What happened

Shares of the clinical-stage biotech Inovio Pharmaceuticals (INO 3.49%) gained a respectable 10.9% over the course of May, according to data provided by S&P Global Market Intelligence. The DNA vaccine company's shares rallied last month on the news that its pan-COVID-19 vaccine candidate, INO-4802, showed strong signs of efficacy across multiple strains of the virus in preclinical studies.

So what

Despite being one of the first American biotech companies to develop a COVID-19 vaccine candidate last year, Inovio has fallen woefully behind the leaders in the space over the last year. In fact, there probably won't be a significant need for another vaccine in the U.S. by the time Inovio pushes its lead COVID-19 vaccine candidate, INO-4800, into late-stage testing this summer. 

A female researcher inspecting vials of COVID-19 vaccine.

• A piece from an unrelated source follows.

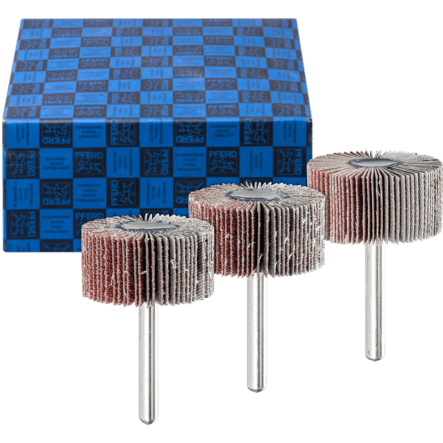 PFERD TOOLS ponúka široký výber abrazívnych nástrojov s povrchovou úpravou na prácu s rôznymi geometriami a materiálmi obrobkov. Tieto nástroje sa skladajú z podkladu, spojiva podkladu a spojiva povlaku, na ktorý sa prichytáva abrazívny zrn. V závislosti od veľkosti zrna môžu abrazívne nástroje s povrchovou úpravou dosiahnuť vysokú rýchlosť odstraňovania materiálu alebo veľmi jemný povrchový finiš. Dostupné podkladové materiály sa líšia vlastnosťami, ako sú pevnosť v ťahu, flexibilita a opotrebovateľnosť. S vhodným podkladom je brúsiaci nástroj prispôsobený požiadavkám zamýšľanej aplikácie: papier sa používa v drevárskom priemysle a v obchode, napr. medzi stolármi, maliarmi a dekoratérmi, tkanina sa prevažne používa na prácu s kovmi a vulkanizovaná vlákna sú veľmi odolné voči opotrebeniu a používajú sa v rôznych hrúbkach prevažne na výrobu vláknitých diskov. Sada obsahuje tri montované lamelové kolesá z oxidu hliníka typu A s priemerom stopky 6 mm v hrubostiach 60, 80 a 120. Na montovaných lamelových kolesách sú lamely z abrazívneho povlaku usporiadané radiálne okolo osi nástroja v štruktúre pripomínajúcej ventilátor. Ich flexibilita im umožňuje dokonale sa prispôsobiť kontúram obrobku. Abrazívne zrnko je zakotvené v robustnom, flexibilnom tkaninovom podklade pomocou resinoidného spojiva.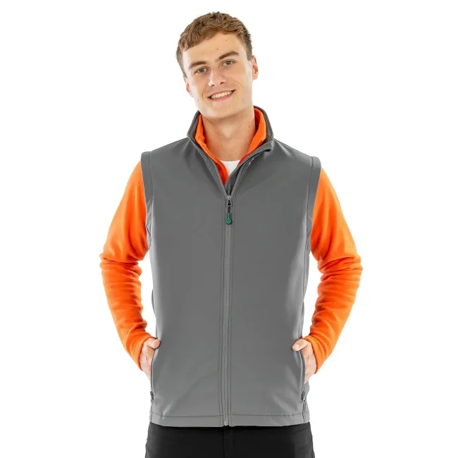 100% poliestere riciclato TOPGREEN®. Interno: 100% poliestere riciclato micropile. Gilet in softshell stampabile con colletto alto, taglio attillato, zip YKK NATULON® Eco-Friendly.

Image source: Getty Images.

A pan-COVID-19 vaccine, however, may still serve a purpose in the fight against this global pandemic. Investors, in turn, appear to be betting that the company may yet derive a relatively healthy revenue stream from its COVID-19 vaccine platform. 

Now what

Is Inovio's stock worth buying after last month's double-digit uptick? Although the biotech exited the first quarter of 2021 with over $500 million in cash, Inovio's future remains murky at best.

The company's lead product candidate, VGX-3100 for precancerous cervical dysplasia caused by high-risk HPV 16/18, needs a strong showing in its upcoming confirmatory phase 3 trial readout. What's more, there's no way to predict how the second-tier COVID-19 vaccine market will shape up over the next two years.

In short, Inovio's stock doesn't sport a particularly compelling investing thesis as things stand now.